From Guardian Comment is Free
7 May 2007
What the end of Richard Nixon can teach us about the end of Tony Blair.
Ian Williams
How long will it take to rehabilitate Tony Blair? As Mark Anthony said about another military adventurist who came unstuck:
The evil that men do lives after them;
The good is oft interréd with their bones
As Tony Blair gets ready to call the movers into 10 Downing Street, it may be premature to exhume some of the soon-to-be-buried good from the loads of justified dirt about to be heaped on his grave, but a spirit of balance calls for some sense of perspective - as long as he actually goes!
In many ways, Blair's going with the director of public prosecution hovering over his head is reminiscent of Richard Milhous Nixon's impeachment-impelled exit from the White House. Nixon was not exactly one of my favourites when he was in office, but since then I have developed quite a soft spot for him. I think Blair suffers from the comparison, but there are nonetheless similarities: not least stealing the opposition agenda, but also a complete lack of public trust compounded by a complete sense of personal infallibility.
On the other hand, spending on welfare and the National Endowment for the Arts, as well as court-ordered desegregation measures all reached a peak under Nixon. He stopped the war in Vietnam, recognised China, fostered détente with Russia, engineered arms control treaties, and ended the US's chemical and biological warfare programs. He stopped conscription and was the last president to consider a comprehensive national health service. He passed the Clean Air Act, and empowered the Environmental Protection Agency. By many rational standards of actual achievement, Nixon was the most liberal and progressive president since FDR. In fact, since his departure, most studies show that American workers' incomes have been stagnant in real terms.
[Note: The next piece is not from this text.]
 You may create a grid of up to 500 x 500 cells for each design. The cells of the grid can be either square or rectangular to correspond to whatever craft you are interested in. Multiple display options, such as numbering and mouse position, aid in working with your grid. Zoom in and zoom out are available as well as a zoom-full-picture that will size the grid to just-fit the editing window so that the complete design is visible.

Of course, Nixon also had dismissively anti-Semitic and racist attitudes... but hell, you have to take the rough with the smooth when dealing with a president who believed so much in transparency that he wired the White House to preserve all his own ill-considered words.
Watergate was his downfall, which in its way was the type of peccadillo that allowed both conservatives and liberals, outraged at how he had co-opted the liberal agenda, to unite against him. Just compare Nixon's public excoriation with the free pass given to Ronald Reagan and Iran-Contra , where the Republican team conspired with the ayatollahs to keep Americans hostage until the election and then promptly traded arms between them and the Israelis to overthrow the Sandinistas in Nicaragua. Not only did they get away with it, but half the pardoned perpetrators are now in and around this administration - and saying we should not talk to the aforesaid ayatollahs under any circumstances.
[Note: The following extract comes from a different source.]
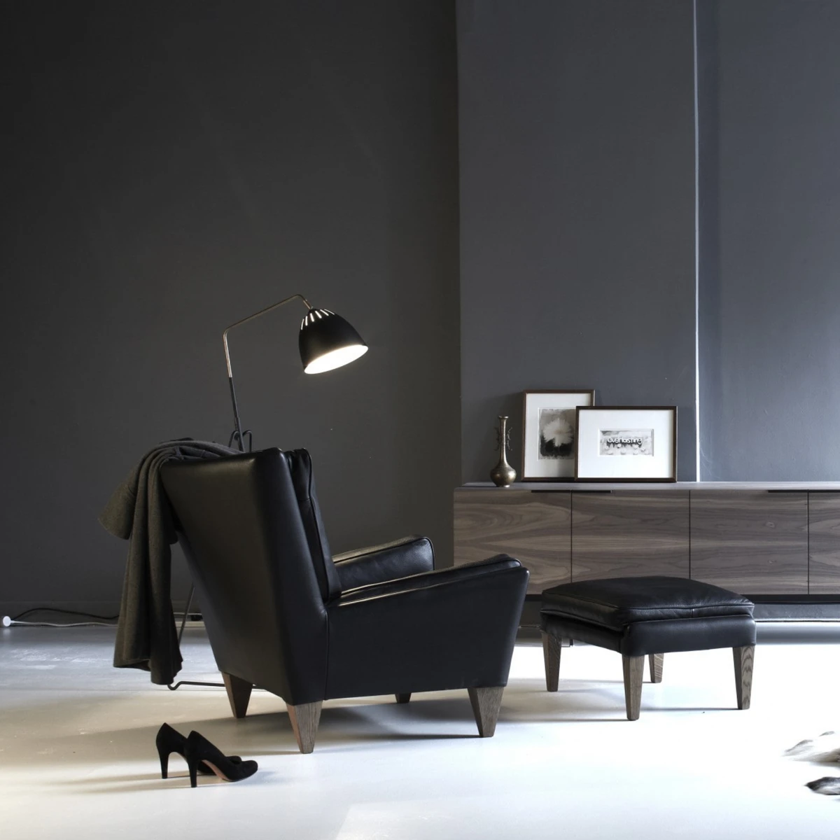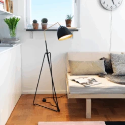 Lean er tilgjengelig i matt svart og hvit teksturfarge. Gulvlampens skrå arm strekker seg praktisk over en sofa eller lenestol, og den justerbare skjermen gir et komfortabelt leselys.

Now back to Anthony Charles Lynton Blair. One of his senior ministers complained during the first term that the government was actually doing a lot of good, but that they were not allowed to advertise it and there is a lot of truth in that.
From the perspective of an exile from the Thatcher years, I suspect that those who stayed behind do not always appreciate how much better things in Britain really are now than when Labour first took over. (Which is not to discount how much better they could have been were it not for the paranoid, power-hungry clique of New Labour that Blair led, with all its nannyish obsessions.)
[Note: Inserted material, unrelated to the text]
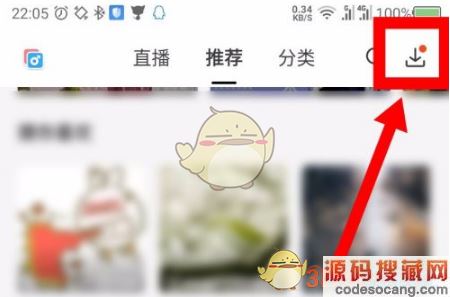 1、在猫耳fm首页点击右上角的下载箭头图标。

It is difficult to reconcile all the early New Labour guff about empowering people with the ID cards, the ASBO , the attacks on civil liberties under the guise of anti-terrorism, the lie detectors for benefit claimants, and similar measures that intrude upon the life of British citizens in a way that makes the average North Korean commune seem like an open-house.
And then there is the sleaze. Blair's crowd descended on the Labour Party like Deng Xiaoping on the Chinese Communist Party, and in effect told it that greed was good. And the comrades took to it with the vengeance of the wannabee nouveau riches. The ministerial mayhem was of course capped with the Peerages for Sale wheeze, which was almost certainly based on an idea by Bill Clinton. It was intended to free the prime minister even further from any remaining ties to the residual socialism of the unions and the Labour Party, just as Clinton took the Democratic Party from what he called "Special Interest Groups" like working people, minorities and women, and handed it over to Wall Street.
Does anyone really believe that Blair did not know what was going on? Here we get to the real cause for his downfall. Who believes anything he says anymore? Lies led Britain into Iraq, and the prime minister now dissimulates in harmony with possibly the least popular president in the world who, incidentally, does not have a smidgeon of Nixon's solid domestic track record to rehabilitate his sleaze.
It took several decades before many people overcame their reflexive repulsion for Nixon. Indeed, even quite recently, I have had steak knives brandished at me across Manhattan dinner tables for challenging the received liberal view that wants to replace the "x" in his name with a hyperbolic swastika.
Even without Nixon's real achievement, Blair is smooth, articulate and photogenic, unlike him. And since Blair will probably be on the board of directors of Murdoch's News Corporation
in about the time it takes to sing the first verse of the Red Flag, he will be assured of an adulatory and amnesiac media across the English-speaking world, so one cannot help but suspect that his rehabilitation will only take several years. It may be a small price to say goodbye.